Water on all sides: reflections on Bangladesh

10th July 2015
Edoardo Borgomeo, a DPhil Researcher at Oxford University, recently returned from a REACH diagnostic field visit to Bangladesh, June 2015.

Bangladesh is for a water scientist what London is for a banker or Hawaii for a surfer. Bangladesh is the land of rivers. Water is on all sides. All sorts of water-related issues, from coastal floods to arsenic contaminated groundwater, can be seen somewhere in Bangladesh.

Some people call Bangladesh a water civilization because successful water management has been crucial for the establishment of civilization in this low-lying delta. It is certainly not a coincidence that Bangladesh’s ruling party, the Awami League, has a boat as its election symbol. The Bangladesh Water Development Board, the government’s agency for managing water resources has the largest budget among government planning agencies. Water is embedded in Bangladesh life and politics.

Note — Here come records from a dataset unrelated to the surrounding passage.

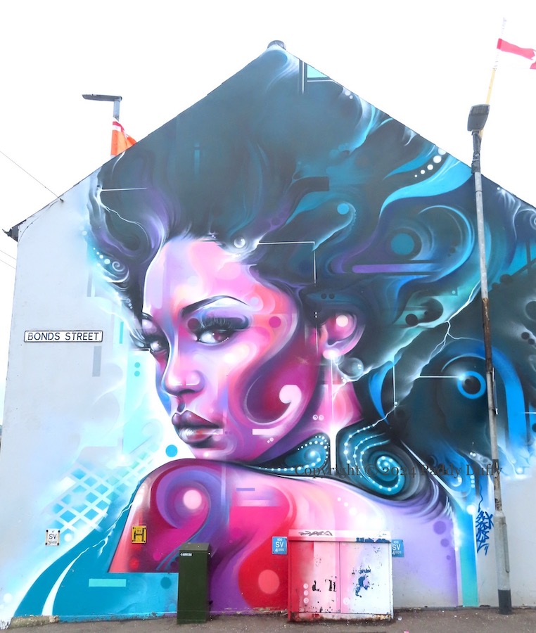 Here is a painting of a model from Femelle Studios (ig) by London artist Mr Cenz (web | tw) in Londonderry’s Waterside, with support from UVArts (ig). With “Death dealers out” graffiti to the right.
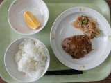 <献立> ○ごはん ○豆腐入りハンバーグ ○こんにゃくサラダ ○くだもの(いよか...
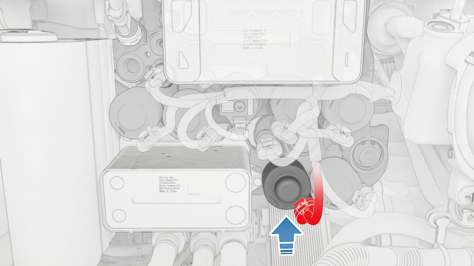 松开锁片,然后断开驾驶室左侧冷凝器膨胀阀上的电气连接器。
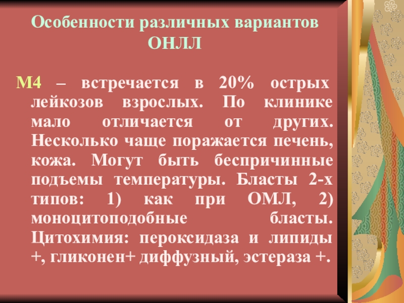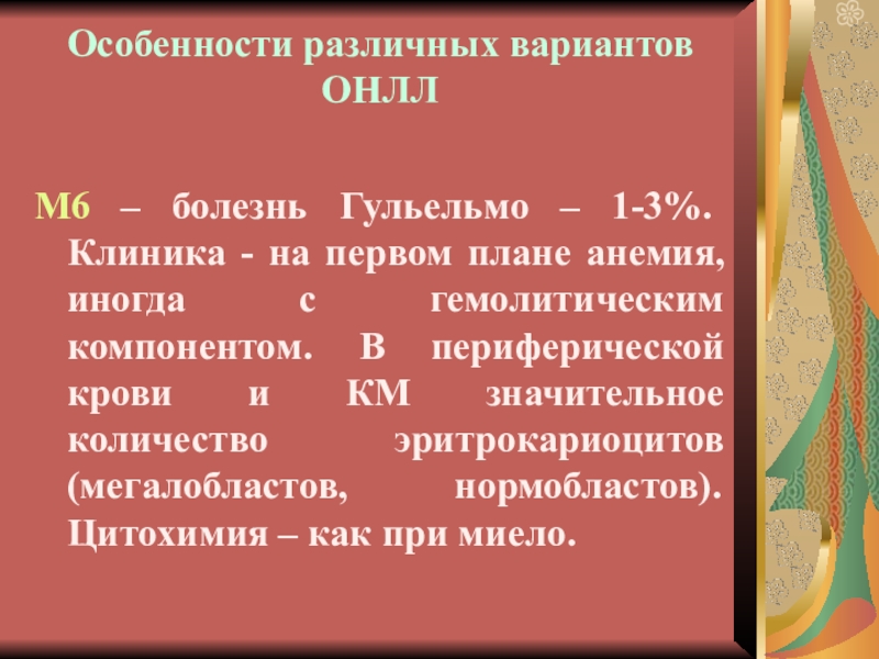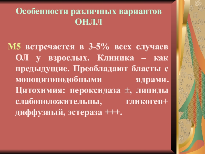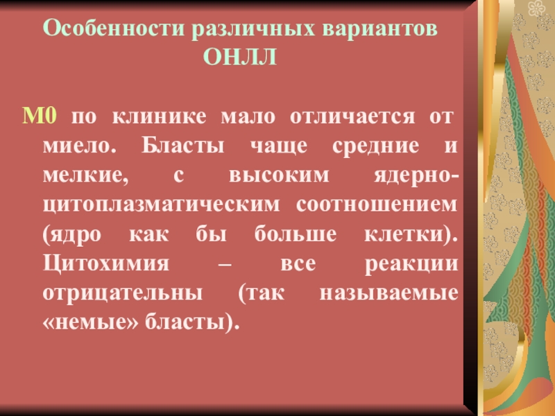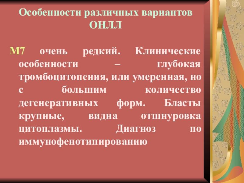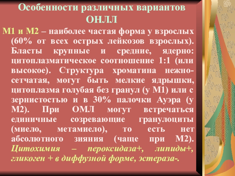 Варианты ОНЛЛ, требующие иммунофеноти-пирования: М0, М6 и М7 (10% всех наблюдений ).

Visiting the coastal areas of Bangladesh, close to the world renowned mangrove forests of the Sundarbans, I immediately noticed the multi-dimensional aspects of the water challenges faced by many communities in Bangladesh. Water risks stem from living in a tidal floodplain facing one of the most cyclone-generating oceans of the world or from cultivating rice in areas which are periodically inundated by saline waters. As a water scientist, my mind started racing to think about possible solutions to prevent flooding or provide reliable drinking water supply.

Some of the solutions that have been proposed to tackle coastal flooding come from The Netherlands, another country where water is considered an existential threat to the nation, so much that the Dutch ‘do not fight wars, they fight water’. The Dutch way of living in a low-lying delta relies on the polders – a system of embankments, drainage systems and pumps used to keep the water out of low-lying areas to make them suitable for cultivation and human activities.

The majority of Bangladesh’s coastal communities now live inside polders which were designed in the 1960s, following the Dutch paradigm to coastal flood risk management. This polder system was designed to protect from regular tidal flooding and it is not coping well with the increasingly severe cyclones that hit south-west Bangladesh.

The Government of Bangladesh is currently engaged in a major initiative to rehabilitate some of the polders, yet questions remain on how to integrate these structural engineering measures with other measures to improve the adaptability of coastal communities. To make the polder system ‘work’, we may need to stop reacting to water challenges, such as coastal flooding, as isolated issues. We need to avoid the temptation, which grabbed me several times during the trip, to focus on solutions to specific problems and move towards a system view, which seeks to understand how each part (e.g. groundwater supply, salinisation, water logging) occurs and causes harm in relation to the whole.

The tough living conditions in coastal areas have led many poor people into the already congested capital, Dhaka. Many of these people leave rural areas to seek work in the garment industry. Bangladesh is the second largest producer of garments in the world. The garment industry mainly employs women and although the boom of this industry has given employment to many people, it has also had led to many problems including labour exploitation and death of workers.

In Dhaka we spoke to the garment manufacturer association, who recognised the importance of water to their trade, though they admitted being unaware of how much water they consume and how much they contribute to polluting surface waters and to groundwater depletion in Dhaka. Again I found myself wondering if systems thinking would make the Bangladeshi garment industry improve its water footprint.

The Bangla language distinguishes between the normal beneficial floods of the rainy season, which are termed barsha, and harmful floods of abnormal depth and timing, which are termed bonna. This separation between good waters and bad waters shows how the opportunities and threats linked to water are deeply engrained in Bangladesh’s culture and have carved this country’s history and development.

The task ahead for the REACH programme is to harness opportunities for water to contribute towards poverty reduction and sustainable economic growth, while reducing water risks that threaten lives and livelihoods.